Tuesday, August 14, 2012

The Ryan Choice

DiploMad 2.0

I will leave to those more qualified to analyze and spin the electoral impact of Governor Romney's choice of Congressman Paul Ryan as his VP running mate. The masters of spin and parse will be out in force looking at whether the choice "alienates" single women, frightens senior citizens, or galvanizes the Tea Party into action. I am not going to get into that . . . much.

In terms of intellectual firepower, and track record of accomplishments in the private and public sector this presidential ticket, regardless of party, is the best one in decades and arguably ever. This is a serious ticket. Voters will have before them a stark choice in November. On the one hand, the Democratic ticket consists of a failed, truth-avoiding, and corrupt incumbent President running with Joe Biden, one of the dopiest and least interesting hack politicians of our time. The GOP ticket consists of a successful job- and wealth-creating businessman and governor running with the single smartest and most competent Congressman on the Hill, the one man in the whole Congress who knows how a federal budget is put together and the impact it has on the country. For me, there is no dilemma in making my choice.
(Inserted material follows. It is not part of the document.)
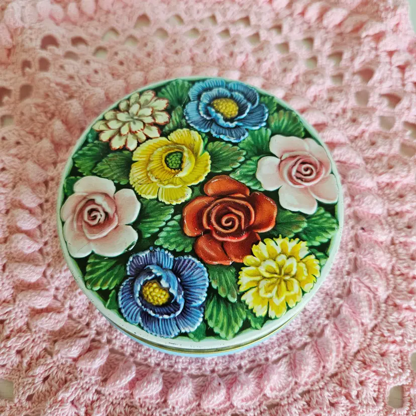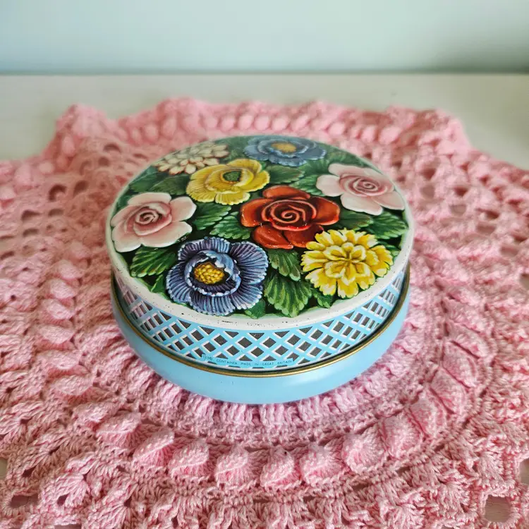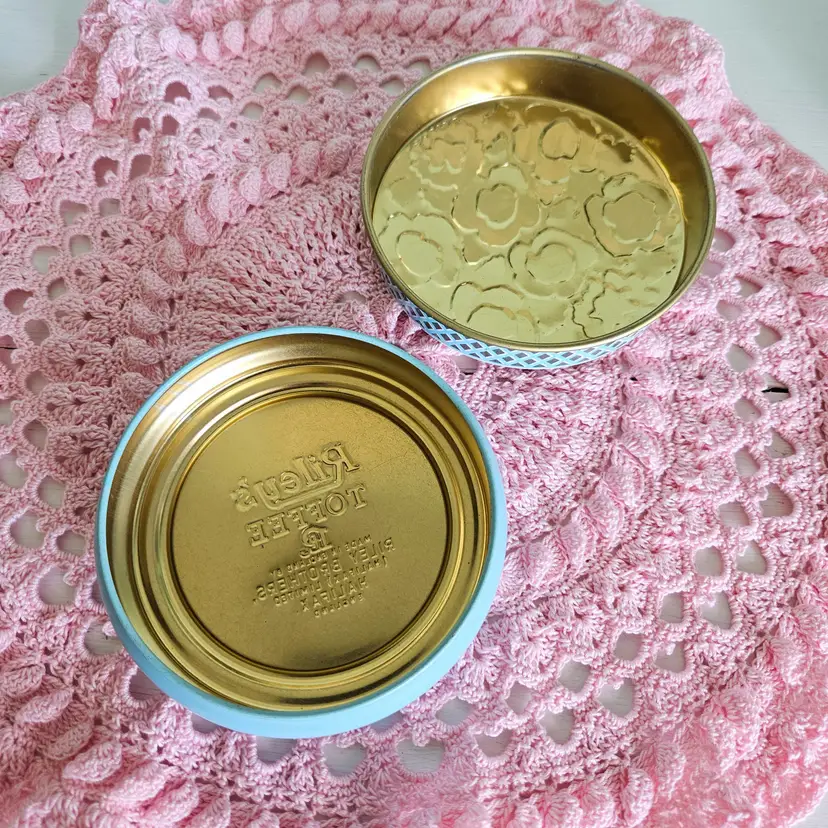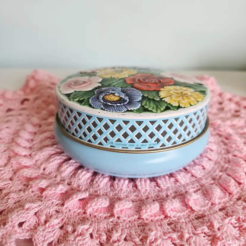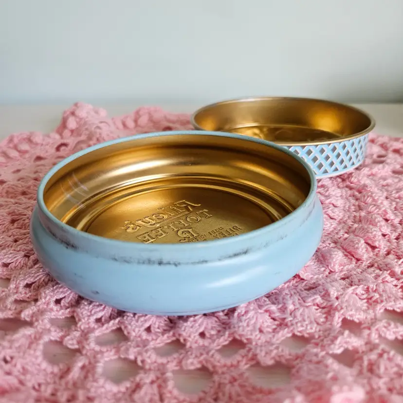 Beautiful robin egg blue Riley's Toffee Tin made Halifax, England. Has some paint loss and scratches if you look up close but not noticeable from far. And some wear along the rims of the bottom.

The Democrats got nothin'. So they will double down on the sort of vicious assault on truth that we have seen over the past few weeks. The Democrat lie Gatling is already beginning to fire away: Ryan favors throwing the elderly off a cliff; he favors a federal budget to make the rich richer. More will come. Ryan can expect to have the most minute details of his life put out in public and subject to ridicule. The President who refuses to divulge the most basic information of his own life, will spare no expense in having his minions dig up anything and everything that can be used or distorted. It will be disgusting and infuriating.

I hope that Ryan will give as good as he gets while sticking to the truth and coming back again and again to the failed Obama-Biden record, and the basic choice now facing us: do we want to continue marching down the road to stagnation, dependency, poverty, and a government-run society, or do we get back to the basics that have made America great. There should be no problem in making that choice, except that we have been busy developing a society of half-educated college graduates and cynics with no basic understanding of the economy or the world. We have people more and more removed from the process of wealth production and further and further into wealth consumption. That will be the challenge facing the Republicans and the future of America, to wit, to tap into what I believe is a still strong American ethos of work, saving, and investment, to make it clear that we do not have to become Greece.